Страница 1 из 8
Мария Волощук Махоша
"Заметки на полях жизни"
Честно прожитое/подслушенное/подсмотренное
Один зимний вечер, два кота и три сестры
– Не понимаю я, как в квартире, где два кота, могут водиться мыши? – спросила Екатерина у всех сразу и ни у кого конкретно, задавая тему для обсуждения участникам застолья. Она сидела в неудобной позе, больше подходящей для фотосессии, чем для светской беседы. Одна нога в туфле на высоченном каблуке чуть сзади, под жёлтым, в далёком прошлом, креслом на тонких деревянных ножках, обивку которого седоки засалили и затёрли до дыр, а коты вдобавок стильно избахромили. Другая изящно выставлена под стол, обнажив щиколотку с косточками. В руке бокал шампанского, локоть опирался на драный подлокотник с предательски торчащим, местами потемневшим от времени поролоном и деревянным исподним со следами кошачьих когтей. Сама Катя подалась вперёд с прямой спиной, перенеся вес на ноги, и хоть росточком была невысока, но теперь сидела как модель, отчего мужики плыли и забывали дышать.
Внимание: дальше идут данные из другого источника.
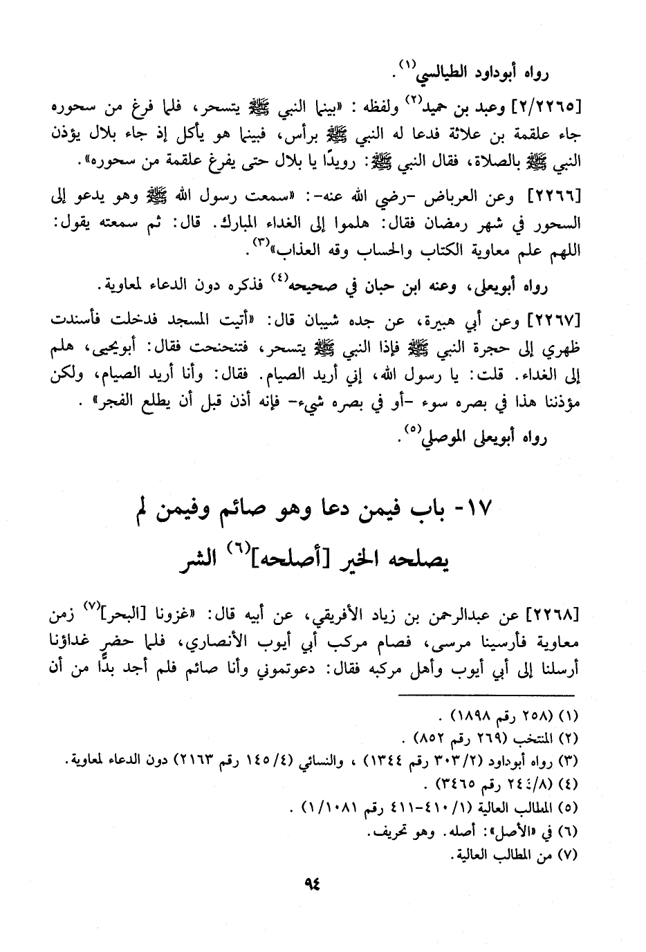 2268 - عَنْ عَبْدِ الرَّحْمَنِ بْنِ زِيَادٍ الْأَفْرِيقِيِّ، عَنْ أَبِيهِ قال: "غزونا البحرأ زمن معاوية فأرسينا مرسى، فَصَامَ مَرْكِبُ أَبِي أَيُّوبٍ الْأَنْصَارِيِّ، فَلَمَّا حضرٍ غَدَاؤُنَا أَرْسَلْنَا إِلَى أَبِي أَيُّوبَ وأهلِ مَرْكِبِهِ فَقَالَ: دَعَوْتُمُونِي وَأَنَا صَائِمٌ فَلَمْ أَجِدْ بُدًّا مِنْ أَنْ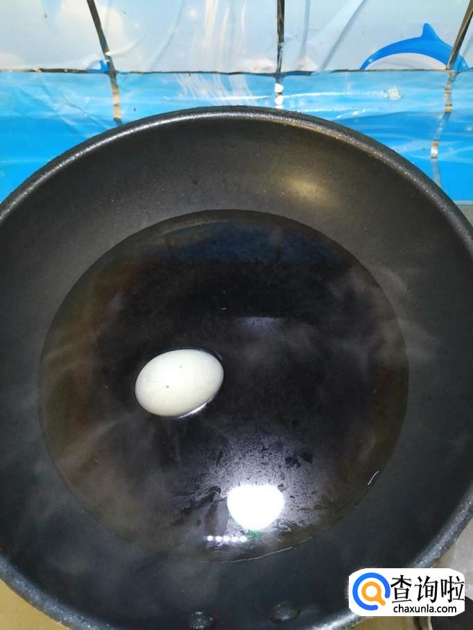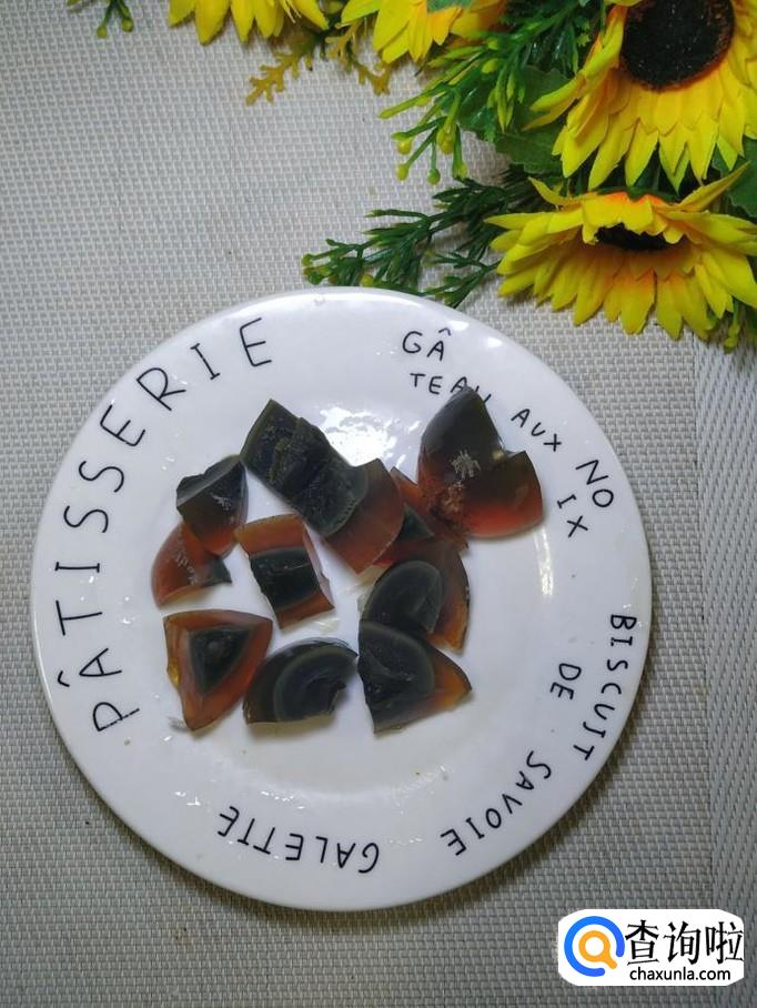 将买来的皮蛋,放入锅中煮三四分钟,盛出,过凉水放凉后,去除外皮,切成小块,放入盘中备用。

И не то чтобы Катя этого хотела – здесь не было ни одного достойного такой позы мужчины, но пружина, торчащая из сиденья старого кресла, не оставляла ей шансов сегодня быть некрасивой.
С начала её времён, сколько помнит, Катя пропивала Новый год в этом кресле, от вишнёвого компота до Prosecco, которое теперь привозила с собой. В детстве, четверть века назад, она отбила лучшее в доме посадочное место у сестрёнки Нюши в честном бою. С тех пор оно называлось "Катино кресло" – надпись эта, нацарапанная ржавым гвоздём, красовалась на подлокотнике, и каждый, кто садился по ошибке, обязан был уступить его вздорной хозяйке по первому требованию. Кресло это было символом Катькиного превосходства, её победы и права быть в семье первой, а значит, главной. Для младшей сестры это, согласитесь, важно. И вот теперь эта досадная пружина вылезла. "Сидят тут в отсутствие владетельницы всякие! Если бы использовалось оно как положено, когда приезжаю раз в год, было бы новёхоньким, как другое, стоящее напротив. Хоть бы только не Нюшка в нём ёрзала в моё отсутствие, мне назло", – думала Екатерина, раскорячившись на своём пружинном троне.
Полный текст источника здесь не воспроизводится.